WHAT IS REQUIRED: In the records below, the line with "iPhone 11 |" opens the range and the line with "пламя любви? |" closes it; print that range exactly and nothing else.

TASK INPUT:
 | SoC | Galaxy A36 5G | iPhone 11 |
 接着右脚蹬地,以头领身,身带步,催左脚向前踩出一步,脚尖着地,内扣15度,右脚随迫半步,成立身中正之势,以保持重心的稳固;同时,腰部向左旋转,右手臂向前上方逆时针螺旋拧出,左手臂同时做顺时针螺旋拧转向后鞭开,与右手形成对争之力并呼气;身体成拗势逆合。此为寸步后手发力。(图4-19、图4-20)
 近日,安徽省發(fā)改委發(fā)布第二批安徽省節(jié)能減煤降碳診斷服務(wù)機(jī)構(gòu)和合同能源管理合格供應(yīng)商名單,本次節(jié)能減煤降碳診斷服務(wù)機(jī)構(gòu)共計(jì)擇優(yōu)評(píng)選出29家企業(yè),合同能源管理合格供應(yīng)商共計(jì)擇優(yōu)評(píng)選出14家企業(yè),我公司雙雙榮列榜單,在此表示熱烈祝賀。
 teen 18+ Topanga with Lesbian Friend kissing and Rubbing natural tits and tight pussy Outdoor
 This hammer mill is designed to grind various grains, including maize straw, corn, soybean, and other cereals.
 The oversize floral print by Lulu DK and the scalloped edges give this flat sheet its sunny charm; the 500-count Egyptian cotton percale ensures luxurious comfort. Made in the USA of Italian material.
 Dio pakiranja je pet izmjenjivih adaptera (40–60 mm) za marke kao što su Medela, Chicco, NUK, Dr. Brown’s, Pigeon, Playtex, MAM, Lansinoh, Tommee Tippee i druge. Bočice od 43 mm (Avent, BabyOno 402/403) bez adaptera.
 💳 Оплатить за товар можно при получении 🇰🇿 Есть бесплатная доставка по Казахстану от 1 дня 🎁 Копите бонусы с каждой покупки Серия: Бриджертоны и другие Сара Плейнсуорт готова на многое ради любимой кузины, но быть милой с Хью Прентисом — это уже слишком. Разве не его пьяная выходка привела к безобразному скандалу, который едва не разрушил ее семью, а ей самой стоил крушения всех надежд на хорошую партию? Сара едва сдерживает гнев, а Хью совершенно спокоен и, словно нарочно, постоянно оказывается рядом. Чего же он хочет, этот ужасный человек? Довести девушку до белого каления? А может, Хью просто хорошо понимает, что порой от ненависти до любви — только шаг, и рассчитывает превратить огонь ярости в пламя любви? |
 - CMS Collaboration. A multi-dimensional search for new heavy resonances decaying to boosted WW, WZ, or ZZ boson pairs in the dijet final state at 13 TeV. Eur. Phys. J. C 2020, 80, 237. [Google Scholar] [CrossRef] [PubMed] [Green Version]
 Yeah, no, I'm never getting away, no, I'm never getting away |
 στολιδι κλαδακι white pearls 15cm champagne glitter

==

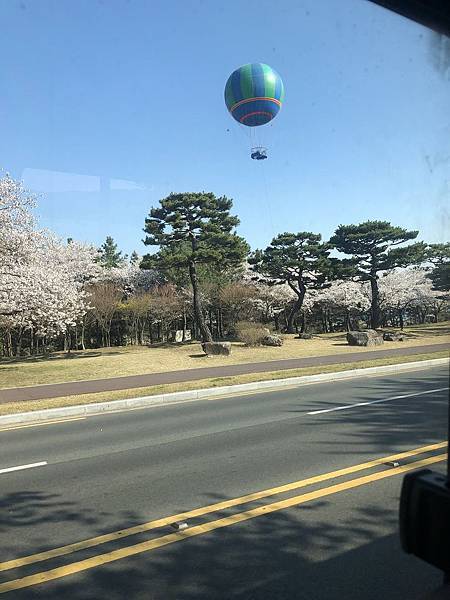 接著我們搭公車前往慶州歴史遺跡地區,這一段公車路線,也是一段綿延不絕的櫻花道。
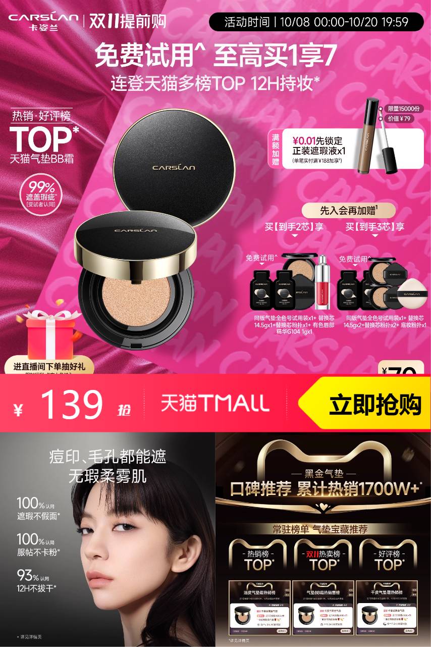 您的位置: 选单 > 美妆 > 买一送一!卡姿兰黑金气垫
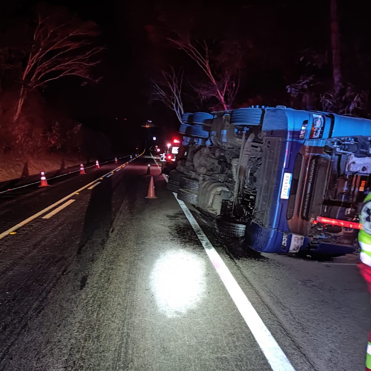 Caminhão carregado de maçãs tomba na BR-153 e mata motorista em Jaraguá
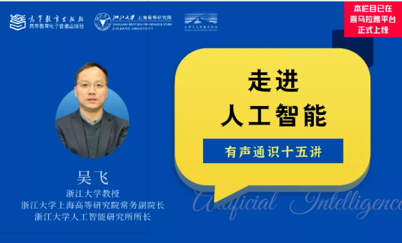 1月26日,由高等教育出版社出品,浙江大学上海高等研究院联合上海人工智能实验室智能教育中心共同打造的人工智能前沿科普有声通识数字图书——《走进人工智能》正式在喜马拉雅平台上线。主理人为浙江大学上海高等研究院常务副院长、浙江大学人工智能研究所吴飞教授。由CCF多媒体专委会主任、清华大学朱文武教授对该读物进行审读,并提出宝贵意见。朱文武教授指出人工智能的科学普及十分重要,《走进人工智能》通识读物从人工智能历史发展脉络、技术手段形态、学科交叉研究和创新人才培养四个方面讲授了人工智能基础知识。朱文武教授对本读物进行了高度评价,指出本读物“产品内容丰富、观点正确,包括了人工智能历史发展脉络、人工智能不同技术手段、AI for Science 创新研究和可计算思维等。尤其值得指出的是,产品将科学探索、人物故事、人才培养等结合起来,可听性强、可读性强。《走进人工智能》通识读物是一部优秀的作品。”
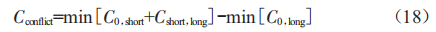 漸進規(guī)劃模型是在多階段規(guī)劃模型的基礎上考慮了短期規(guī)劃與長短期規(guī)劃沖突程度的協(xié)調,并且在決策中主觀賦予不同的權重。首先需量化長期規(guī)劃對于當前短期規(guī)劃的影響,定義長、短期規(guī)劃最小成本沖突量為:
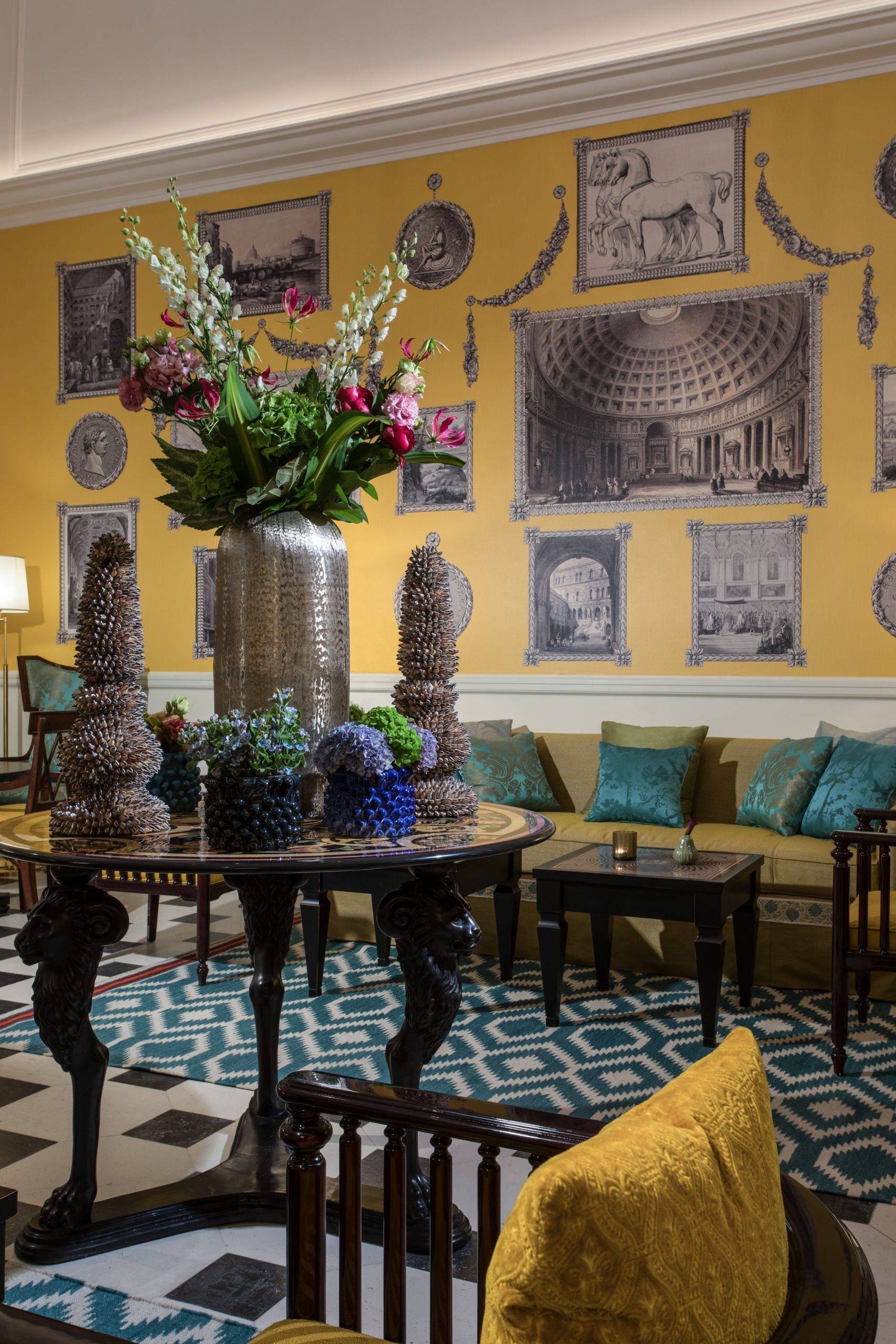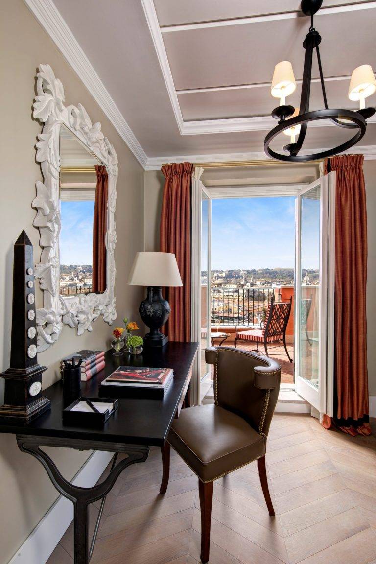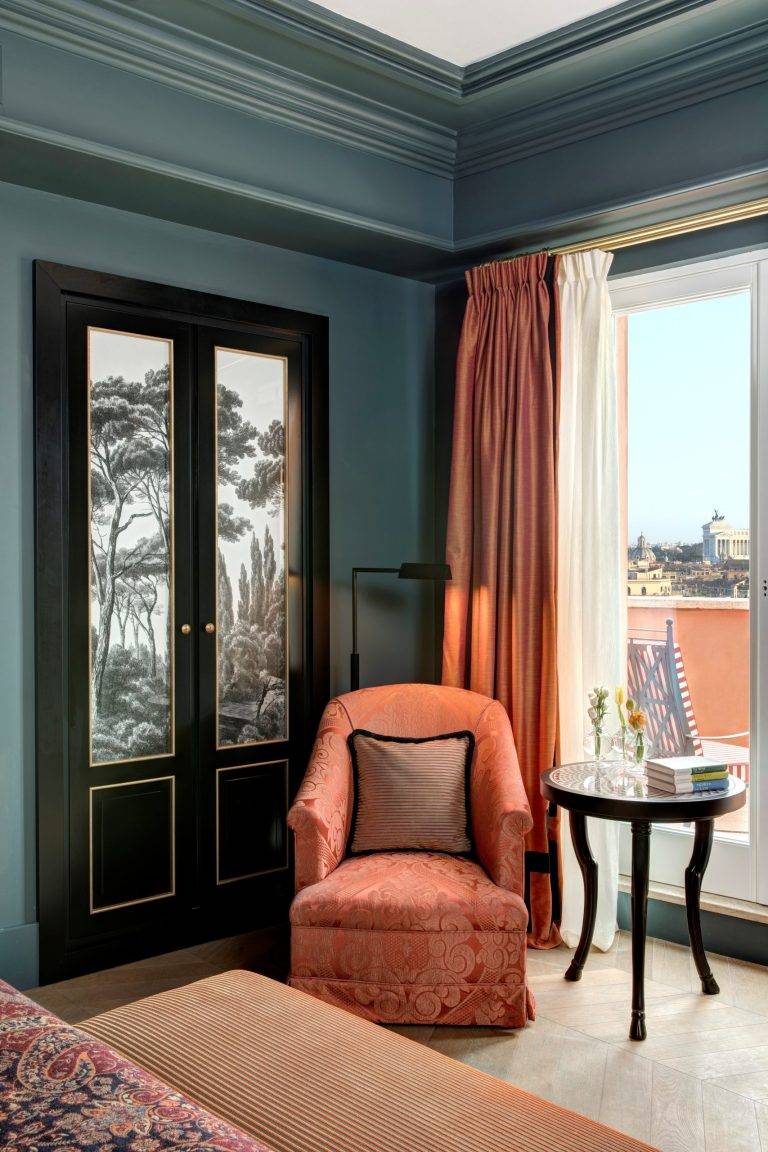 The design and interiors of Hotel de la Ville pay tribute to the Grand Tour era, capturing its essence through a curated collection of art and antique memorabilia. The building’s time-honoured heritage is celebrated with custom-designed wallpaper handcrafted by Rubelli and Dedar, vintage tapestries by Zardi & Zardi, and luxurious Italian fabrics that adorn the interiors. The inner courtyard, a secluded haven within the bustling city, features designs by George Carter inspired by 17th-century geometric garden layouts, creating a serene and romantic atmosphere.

WRITTEN SOLUTION:
 | SoC | Galaxy A36 5G | iPhone 11 |
 接着右脚蹬地,以头领身,身带步,催左脚向前踩出一步,脚尖着地,内扣15度,右脚随迫半步,成立身中正之势,以保持重心的稳固;同时,腰部向左旋转,右手臂向前上方逆时针螺旋拧出,左手臂同时做顺时针螺旋拧转向后鞭开,与右手形成对争之力并呼气;身体成拗势逆合。此为寸步后手发力。(图4-19、图4-20)
 近日,安徽省發(fā)改委發(fā)布第二批安徽省節(jié)能減煤降碳診斷服務(wù)機(jī)構(gòu)和合同能源管理合格供應(yīng)商名單,本次節(jié)能減煤降碳診斷服務(wù)機(jī)構(gòu)共計(jì)擇優(yōu)評(píng)選出29家企業(yè),合同能源管理合格供應(yīng)商共計(jì)擇優(yōu)評(píng)選出14家企業(yè),我公司雙雙榮列榜單,在此表示熱烈祝賀。
 teen 18+ Topanga with Lesbian Friend kissing and Rubbing natural tits and tight pussy Outdoor
 This hammer mill is designed to grind various grains, including maize straw, corn, soybean, and other cereals.
 The oversize floral print by Lulu DK and the scalloped edges give this flat sheet its sunny charm; the 500-count Egyptian cotton percale ensures luxurious comfort. Made in the USA of Italian material.
 Dio pakiranja je pet izmjenjivih adaptera (40–60 mm) za marke kao što su Medela, Chicco, NUK, Dr. Brown’s, Pigeon, Playtex, MAM, Lansinoh, Tommee Tippee i druge. Bočice od 43 mm (Avent, BabyOno 402/403) bez adaptera.
 💳 Оплатить за товар можно при получении 🇰🇿 Есть бесплатная доставка по Казахстану от 1 дня 🎁 Копите бонусы с каждой покупки Серия: Бриджертоны и другие Сара Плейнсуорт готова на многое ради любимой кузины, но быть милой с Хью Прентисом — это уже слишком. Разве не его пьяная выходка привела к безобразному скандалу, который едва не разрушил ее семью, а ей самой стоил крушения всех надежд на хорошую партию? Сара едва сдерживает гнев, а Хью совершенно спокоен и, словно нарочно, постоянно оказывается рядом. Чего же он хочет, этот ужасный человек? Довести девушку до белого каления? А может, Хью просто хорошо понимает, что порой от ненависти до любви — только шаг, и рассчитывает превратить огонь ярости в пламя любви? |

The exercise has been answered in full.